Briefly, North asserts that the collapse of the Soviet Union is not an indictment on Marxism because the Soviet Union lost its Marxist way long ago in 1924, shortly after the October Revolution. He does make some good points, but North attempts a very "objective" and intellectual rationalization, rejecting anything that cannot be quantified. With respect to the C.S. Lewis quote, I find the following quotation from one of North's recent lectures most revealing,

---

"Seeking to revive the pre-Marxian and utopian stages of socialist thought, the neo-Utopians lament and denounce the efforts of Marx and Engels to place socialism on a scientific basis."

"For the neo-Utopians, classical Marxism absorbed too much of the nineteenth century’s preoccupation with the discovery of objective forces. This outlook underlay the socialist movement’s preoccupation with the working class and its political education. The Marxists, claim the neo-Utopians, placed exaggerated and unwarranted confidence in the objective force of capitalist contradictions, not to mention the revolutionary potential of the working class. Moreover, they [the Marxists - jc] failed to appreciate the power and persuasive force of the irrational."
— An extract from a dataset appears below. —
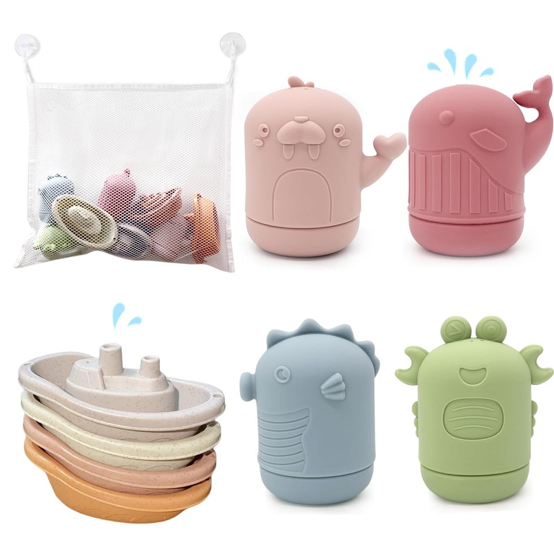 LYNSAN Badewannenspielzeug, 8 Stück Badespielzeug Baby mit Aufbewahrungstasche, Badewanne Spielzeug Boot, Wasserspielzeug Geschenke für Babys Kleinkinder Jungen Mädchen ab 6 Monate 1 2 3 Jahr

"The way out of this dilemma, claim the neo-Utopians, is by embracing and propagating “myths” that can inspire and excite. Whether or not such myths correspond to any objective reality is of no real importance. A leading exponent of neo-Utopian mythologizing, Vincent Geoghegan, criticizes Marx and Engels for having “failed to develop a psychology. They left a very poor legacy on the complexities of human motivation and most of their immediate successors felt little need to overcome this deficiency.” Unlike the socialists, complains Geoghegan, it was the extreme right, especially the Nazis, who understood the power of myths and their imagery. “It was the National Socialists who managed to create a vision of a thousand-year reich out of romantic conceptions of Teutonic Knights, Saxon kings, and the mysterious promptings of ‘the Blood.’ The left all too often abandoned the field, muttering about reaction appealing to reaction."
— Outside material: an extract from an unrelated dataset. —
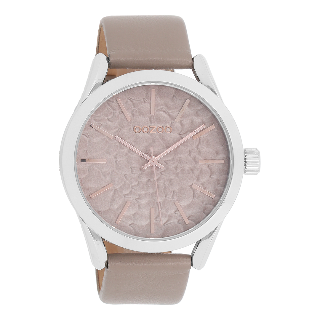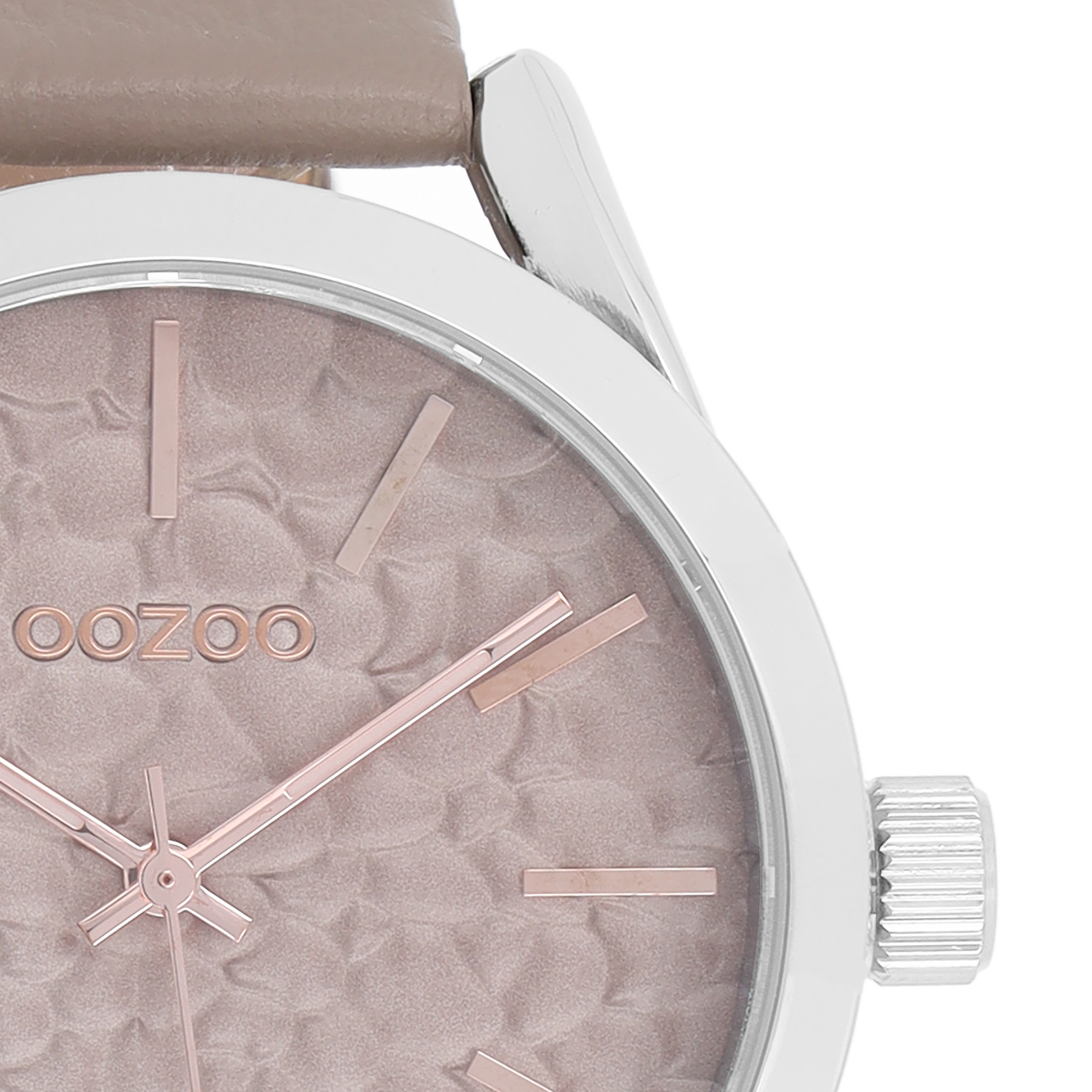 Silver coloured OOZOO watch with taupe leather strap - C9473

"This flagrant appeal to irrationalism, with its deeply reactionary political implications, flows with a sort of perverse logic from the demoralized view that there exists no objective basis for socialist revolution."

---

I was flabbergasted the instant I read this. Being a big fan of Joseph Campbell, I see great power in myths. To say something is irrelevant, merely because it is irrational, or because your archenemy used it, denies so much of what and who we are. My own personal beliefs grew out of the seething outrage and dead calm I experienced when I visited Dachau, so long ago. My reaction to 9/11 was not much different.

What Lewis alludes to, at least for me, is that the realism of realpolitik takes a back seat to political ideology founded on moral values. I do what is right, not because of a measure of likely success, but because it is right.

Besides, I am not ready for a computerized George Jetson jurisprudence.